- _Description of the task_
Please, could you print all the lines below exactly, leaving out the pictures?

- _Records_

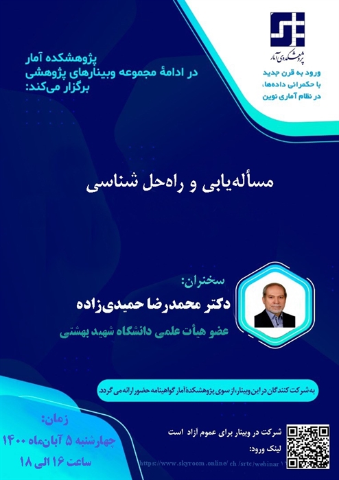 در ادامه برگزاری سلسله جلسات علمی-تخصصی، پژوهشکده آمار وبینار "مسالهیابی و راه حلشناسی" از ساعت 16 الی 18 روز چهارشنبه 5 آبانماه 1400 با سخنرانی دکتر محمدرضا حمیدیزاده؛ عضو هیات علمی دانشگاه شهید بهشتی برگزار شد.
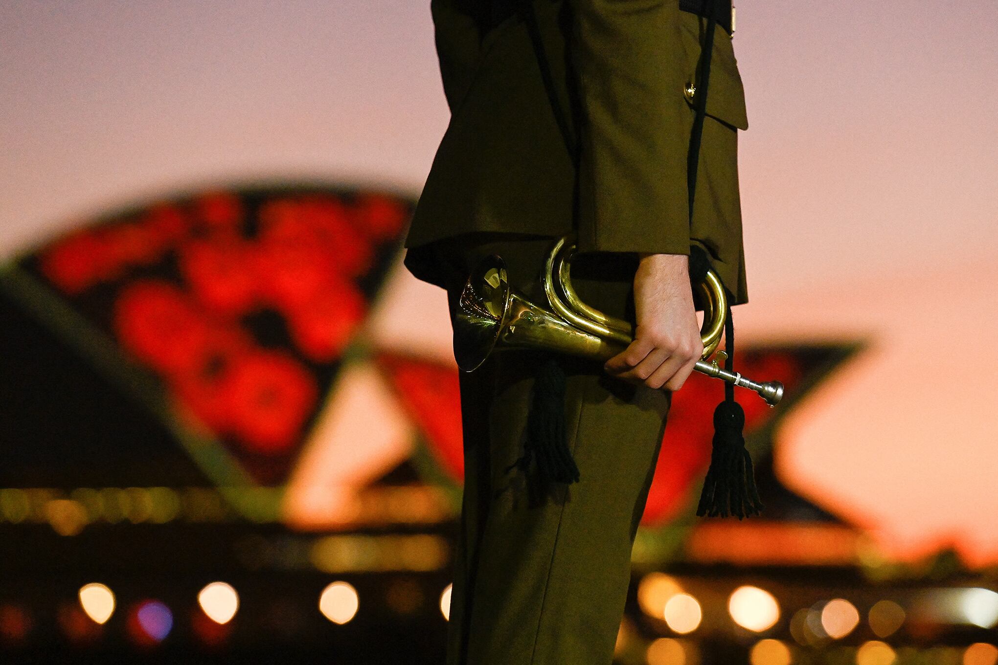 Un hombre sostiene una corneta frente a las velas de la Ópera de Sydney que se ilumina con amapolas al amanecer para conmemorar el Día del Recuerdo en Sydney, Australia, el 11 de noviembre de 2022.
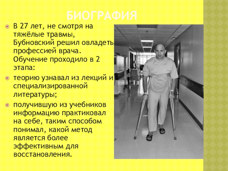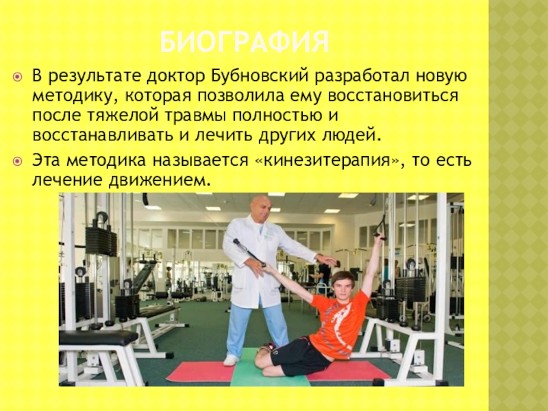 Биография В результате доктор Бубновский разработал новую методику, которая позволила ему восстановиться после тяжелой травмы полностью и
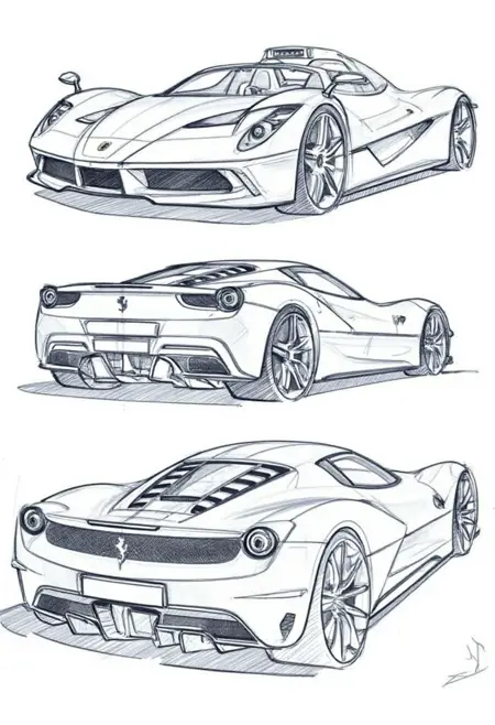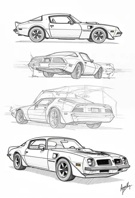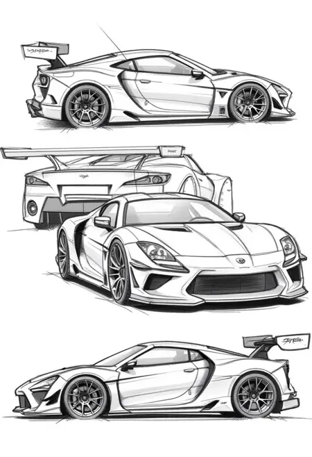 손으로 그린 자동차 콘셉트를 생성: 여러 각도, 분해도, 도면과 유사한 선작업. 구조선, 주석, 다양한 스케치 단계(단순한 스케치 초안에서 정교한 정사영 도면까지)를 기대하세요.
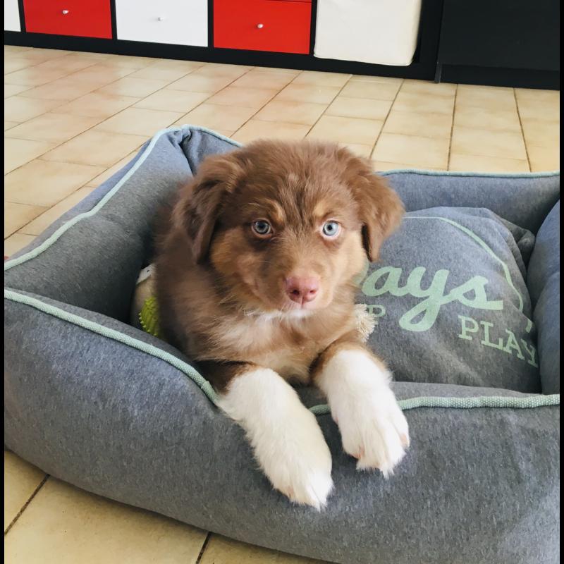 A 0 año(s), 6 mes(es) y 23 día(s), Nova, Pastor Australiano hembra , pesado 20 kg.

- _Your response_
 در ادامه برگزاری سلسله جلسات علمی-تخصصی، پژوهشکده آمار وبینار "مسالهیابی و راه حلشناسی" از ساعت 16 الی 18 روز چهارشنبه 5 آبانماه 1400 با سخنرانی دکتر محمدرضا حمیدیزاده؛ عضو هیات علمی دانشگاه شهید بهشتی برگزار شد.
 Un hombre sostiene una corneta frente a las velas de la Ópera de Sydney que se ilumina con amapolas al amanecer para conmemorar el Día del Recuerdo en Sydney, Australia, el 11 de noviembre de 2022.
 Биография В результате доктор Бубновский разработал новую методику, которая позволила ему восстановиться после тяжелой травмы полностью и
 손으로 그린 자동차 콘셉트를 생성: 여러 각도, 분해도, 도면과 유사한 선작업. 구조선, 주석, 다양한 스케치 단계(단순한 스케치 초안에서 정교한 정사영 도면까지)를 기대하세요.
 A 0 año(s), 6 mes(es) y 23 día(s), Nova, Pastor Australiano hembra , pesado 20 kg.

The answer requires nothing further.